TECHNOPHILE

La dernière chance du Macintosh

Apple présentait samedi son nouveau système d’exploitation, attendu depuis 7 ans par les usagers. Le succès du Mac OS X sera décisif pour l’avenir du constructeur.

L’accouchement a été si long que beaucoup d’adeptes du Macintosh avaient perdu espoir de le voir arriver un jour. Le nouveau système d’exploitation d’Apple est finalement né samedi dernier. Baptisé Mac OS X, ce système doit faire oublier l’avortement douloureux du projet Copland en 1996, puis les deux annonces de retard de sa sortie (nous en parlions en janvier 2000 déjà).

Apple travaille sur ce nouvel environnement logiciel depuis sept ans, une éternité à l’échelle informatique. Depuis le lancement du Mac en 1984, la performance des machines du fabriquant a considérablement progressé – notamment grâce à l’intégration élégante de la gamme de processeurs PowerPC en 1994 – mais parallèlement, le système d’exploitation n’a pas évolué de manière significative.

Pourtant, l’environnement de gestion représente un élément tout aussi fondamental que la performance du processeur dans la qualité d’une machine. Et aujourd’hui, les usagers du Mac n’en peuvent plus.

Ils ne veulent plus devoir redémarrer leur machine deux fois par jour parce qu’une seule application a planté. Ils ne veulent plus voir leur bécane geler parce qu’un processus plus ou moins prioritaire (travail d’une image sur Photoshop, copie sur une disquette) occupe toute l’attention du système. Le processeur du Mac arrête par exemple de calculer lorsque l’usager déplace une fenêtre ou sélectionne un menu. Certaines fonctions ne peuvent simplement pas être exécutées simultanément. D’autre part, lorsque l’ordinateur est occupé à une tâche prioritaire, il devient impossible de l’interrompre.

La fragilité du Mac vient de la gestion de la mémoire du Mac OS actuel, qui n’a pratiquement pas évolué depuis les premiers modèles. Sur un Macintosh, les applications partagent la même zone (les mêmes adresses) mémoire. Du coup, lorsqu’une application gèle, c’est l’ensemble de la machine qu’il faut redémarrer car toute la mémoire vive est affectée. Le nouvel OS X propose enfin une mémoire protégée aux utilisateurs du Mac, ce qui augmente considérablement sa fiabilité puisque chaque processus occupe une zone distincte.

Par ailleurs, l’OS X apporte un élément indispensable à tout système d’exploitation moderne, ce que l’on appelle la «gestion préemptive des tâches» (en anglais «preemptive multitasking»). Il s’agit d’une segmentation de l’activité du processeur afin que chaque activité puisse fonctionner simultanément de manière plus fluide.

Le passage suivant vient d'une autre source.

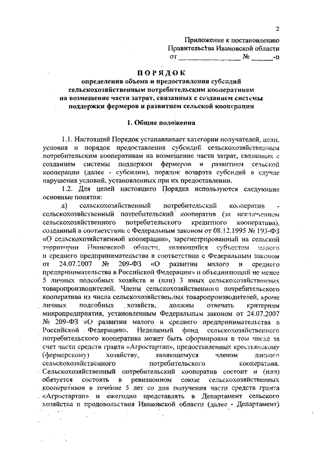 Постановление Правительства Ивановской области от 17.05.2019 N 174-п "Об утверждении Порядка определения объема и предоставления субсидий сельскохозяйственным потребительским кооперативам на возмещение части затрат, связанных с созданием системы поддержки фермеров и развитием сельской кооперации"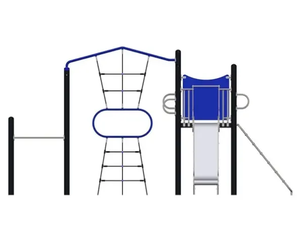Materialer: Galvanisert og pulverlakkert stål, rustfritt stål, HDPE plater, sekstrådet 16 mm tauverk

Ces éléments techniques sont hérités d’Unix, le noyau logiciel sur lequel s’appuie le nouvel OS X d’Apple (d’où le X). Réputé pour sa fiabilité, Unix s’est aussi rendu célèbre par sa relative complexité d’utilisation. Mais l’OS X offre une interface graphique qui dissimule élégamment la technologie professionnelle qui fonctionne en coulisse.

Et les résultats? Les impressions des analystes restent mitigées. C’est que l’OS X souffre encore de quelques défauts de jeunesse: impossible de visionner des films en DVD, ou d’utiliser un graveur de CD avec cette première version. Steve Jobs, le patron d’Apple, promet que ces deux petits problèmes seront réglés très rapidement. Quand ce sera le cas, l’OS X sera livré en standard dans les nouveaux ordinateurs dès cet été.

Par ailleurs, pour bénéficier des nouvelles performances du système (comme la mémoire partagée), les applications doivent être mises à jour et l’usager devra donc acquérir de nouvelles versions de ses logiciels préférés. Les anciens programmes fonctionneront comme avant, mais à l’intérieur d’une session indépendante (l’environnement «Classic»). Cette session souffrira des mêmes fragilités que l’OS 9.0 actuellement en service.

Petit à petit, les applications évolueront pour profiter du nouvel environnement d’Apple. Mais les développeurs suivront-ils assez rapidement pour mettre à jour leurs produits? Par exemple, Macromedia a travaillé pendant un an pour rendre son logiciel d’édition professionnel FreeHand compatible avec l’OS X. Les autres – et notamment les fabricants de jeux – investiront-ils autant, ou préféreront-ils se concentrer sur le PC? L’avenir d’Apple dépend en grande partie de cette décision.

Ce dernier trimestre, Apple a retrouvé les déficits que la sortie de l’iMac, succès commercial indéniable, avait permis de combler. Mais pour que les parts de marché augmentent, il faudra que la qualité, l’élégance, la fiabilité et les performances de l’OS X encouragent les usagers de PC à passer sur Mac. Une mission d’envergure pour Steve Jobs.